This weekend, we're cutting a rug on All Ears with music that makes you want to bust a move. Terrance McKnight explores the art of boogie-ing in various musical forms; ones which you may not be as familiar with.
Karol Szymanowski's swinging Mazurka performed by Artur Rubenstein sounds very much like a bastardized version Gymnopedie by Satie. Mazurkas are polish folk dances, which a lot of people typically associate with Chopin. He did so much to keep that dance alive in music, perhaps more than any other composer. But Symanowski proved to continue the mazurka tradition into the early 20th century with more than 20 pieces with the title.

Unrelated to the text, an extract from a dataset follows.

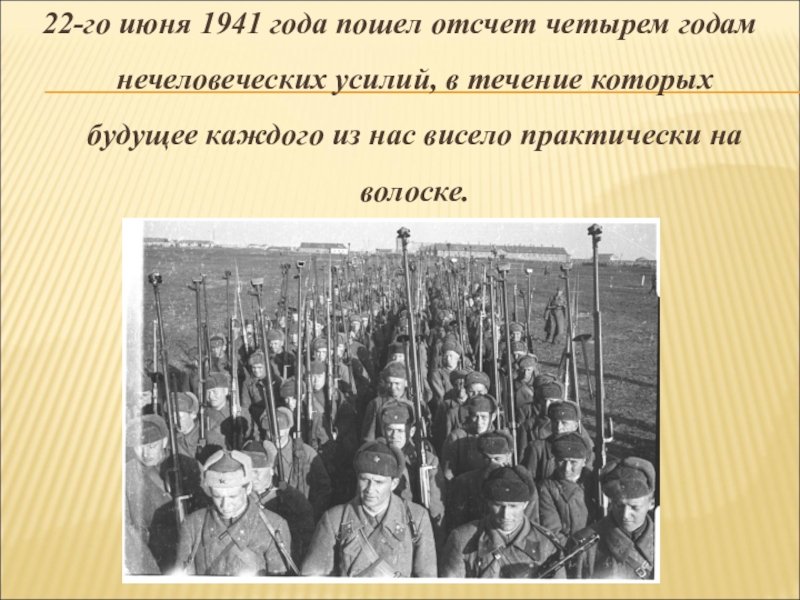 Слайд 422-го июня 1941 года пошел отсчет четырем годам нечеловеческих усилий,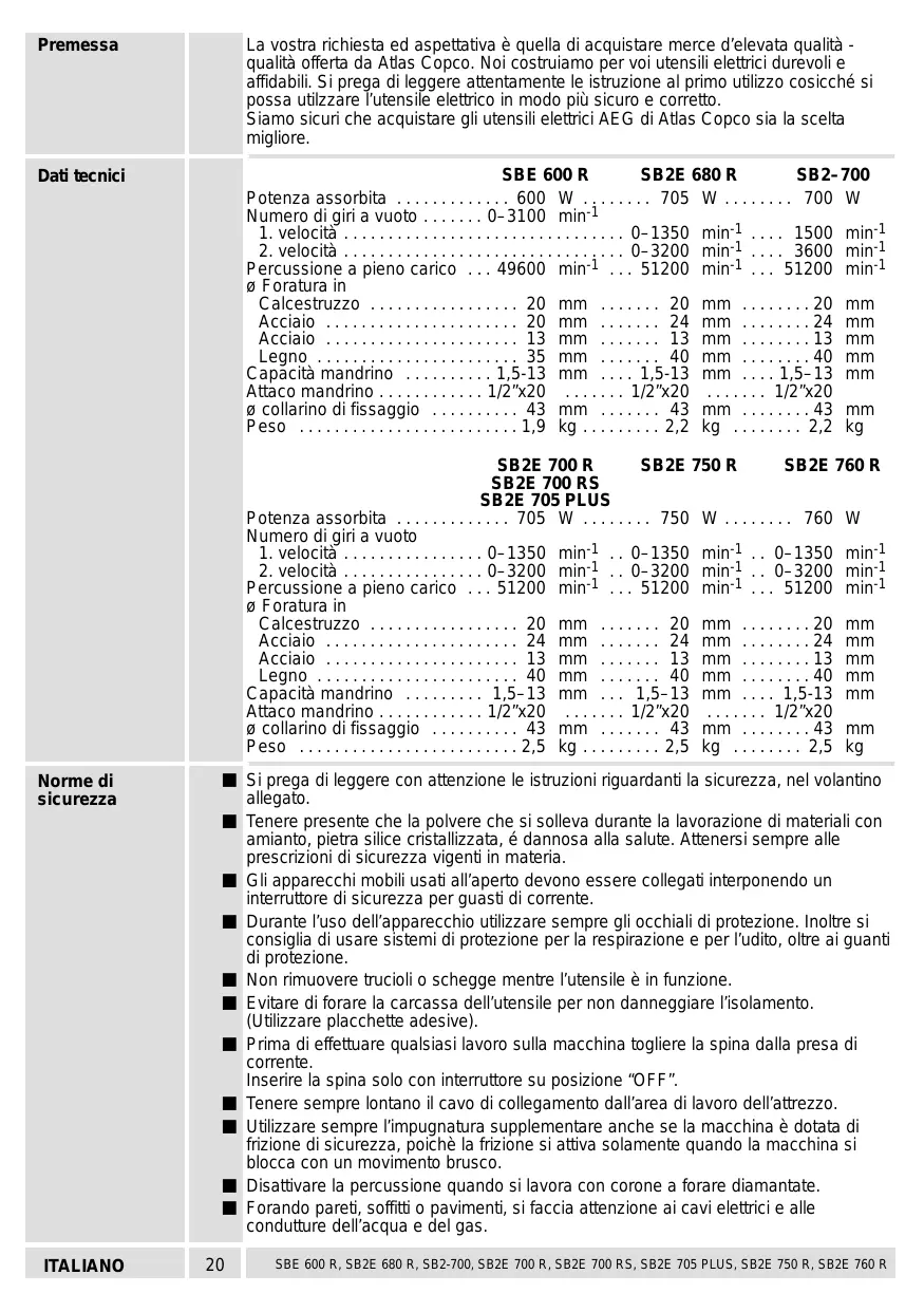 - SBE 600 R, SB2E 680 R, SB2-700, SB2E 700 R, SB2E 700 RS, SB2E 705 PLUS, SB2E 750 R, SB2E 760 R Premessa La vostra richiesta ed aspettativa è quella di acquistare merce d’elevata qualità qualità offerta da Atlas Copco. Noi costruiamo per voi utensili elettrici durevoli e affidabili. Si prega di leggere attentamente le istruzione al primo utilizzo cosicché si possa utilzzare l’utensile elettrico in modo più sicuro e corretto. Siamo sicuri che acquistare gli utensili elettrici AEG di Atlas Copco sia la scelta migliore. Dati tecnici SBE 600 R SB2E 680 R SB2–700 Potenza assorbita p. 600

Andrew York's Evening Dance played by Christopher Parkening is a little waltz for the classical guitar. And Lukas Foss's Central Park Reels features a hint and a certain twang of square dancing.
We also looked for other American dances that made their mark in music, like the Cakewalk, an American dance that originated as a slave-dancing contest. The slave owners would choose a winner of a couples dance, and award them with a cake. New York native Coleridge Taylor Perkinson's Louisiana Blues Strut (A Cakewalk) is performed by violinist Ashley Horne.
Also on the program is Maurice Ravel's Piano Trio in A minor. It's heavily influenced by his fascination with American culture. Listen for the strings and piano almost slow-dancing and swaying with each other.
Rounding out the program are Luigi Boccherini's Minuet in E from String Quintet in E, Duke Ellington's It Don’t Mean a Thing, and Kurt Weill's Foxtrot Potpourri from his Threepenny Opera.
Playlist:
Karol Szymanowski: Mazurkas, op. 50
Artur Rubenstein, piano
RCA
Andrew York: Evening Dance
Christopher Parkening, guitar
Angel/EMI
Edgar Meyer: Old Tyme
Edgar Meyer, double bass
Mike Marshall, mandolin
Bela Fleck, banjo
CBS/Sony
Lukas Foss: Central Park Reels
Lukas Foss, piano
Philippe Quint, violin
Elysium
Mark O’Connor: Johnny Appleseed Suite
Colorado Symphony Orchestra
Marin Alsop, conductor
Mark O’Connor, violin
John Jarvis, piano
Bryan Sutton, mandolin
Omac Records
Luigi Boccherini: Minuet in E from String Quintet in E
Academy of St. Martin in the Fields
Sir Neville Marriner, conductor
Angel/EMI
Coleridge Taylor Perkinson: Louisiana Blues Strut (A Cakewalk)
Ashley Horne, violin
Cedille
John Adams: The Chairman Dances – foxtrot for orchestra
Angel/EMI
Kurt Weill: The Threepenny Opera: Foxtrot Potpourri
Das Palast Orchester
H.K. Gruber, conductor
RCA
Roy Alfred, Andy Gibson: The Hucklebuck
Louis Armstrong, trumpet
At the Pasadena Civic Auditorium, January 30, 1951
Decca Jazz
Maurice Ravel: Piano Trio in A minor
Artur Rubenstein, piano
Jascha Heifetz, violin
Gregor Piatigorsky, cello
RCA
Alone Now: Live Maria Roggen & T. Dahl
Live Maria Roggen, voice
Lars Andreas Haug, tuba
Curling Legs
Edward K. (Duke) Ellington: It Don’t Mean a Thing
Canadian Brass
RCA
George Gershwin: Rhapsody in Blue


Comments [2]
Great show. But who was playing the two piano arrangement of Rhapsody in Blue that closed the segment?
Super program tonight. One otherewise irrelevant comment, "The Chairman Dances" is too fast for a foxtrot, it's really a Peabody.